### Exercise
Copy the data that follows exactly. Include no pictures.

### Supplied information
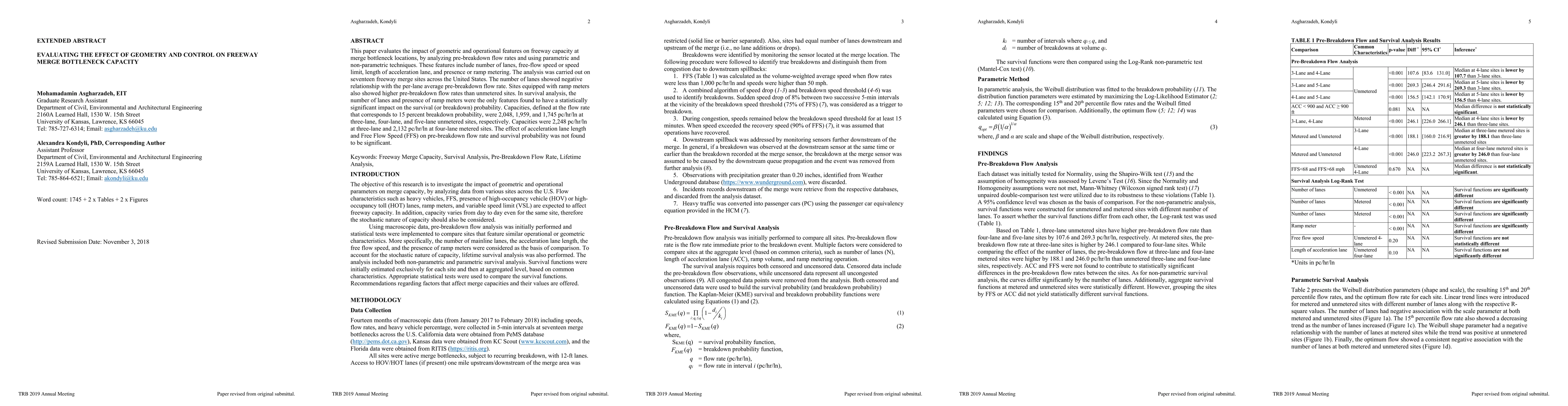 This study evaluates the impact of geometric and operational features on freeway merge bottleneck capacity using pre-breakdown flow rate analysis and non-parametric/parametric survival analysis on seventeen freeway merge sites across the US.
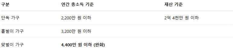 - 작년 총소득이 단독 2,200만 원 / 홑벌이 3,200만 원 / 맞벌이 4,400만 원 이하
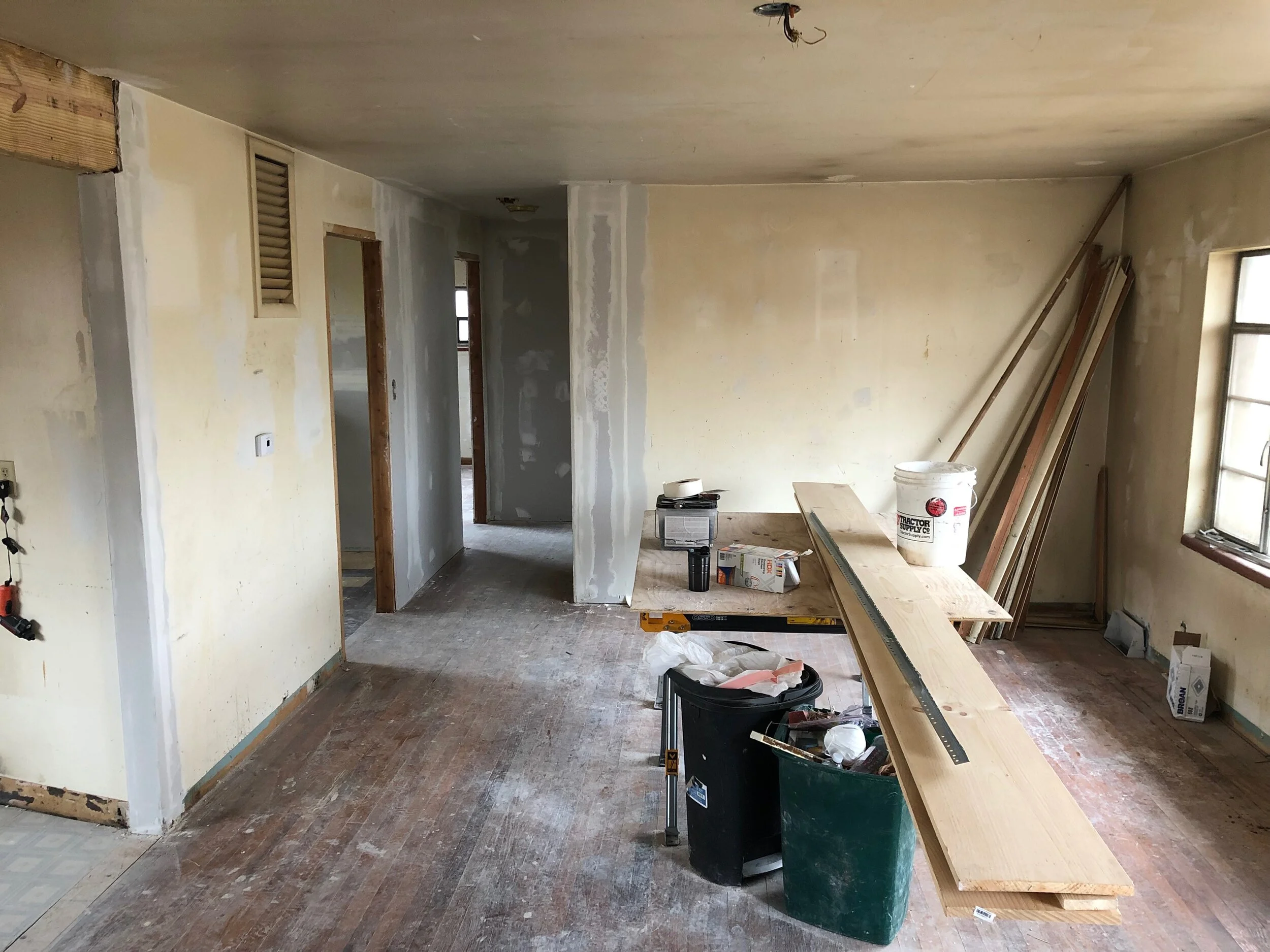 The theme of this week is Drywall! Filling all of the holes, spackling and sanding.

### The answer
 This study evaluates the impact of geometric and operational features on freeway merge bottleneck capacity using pre-breakdown flow rate analysis and non-parametric/parametric survival analysis on seventeen freeway merge sites across the US.
 - 작년 총소득이 단독 2,200만 원 / 홑벌이 3,200만 원 / 맞벌이 4,400만 원 이하
 The theme of this week is Drywall! Filling all of the holes, spackling and sanding.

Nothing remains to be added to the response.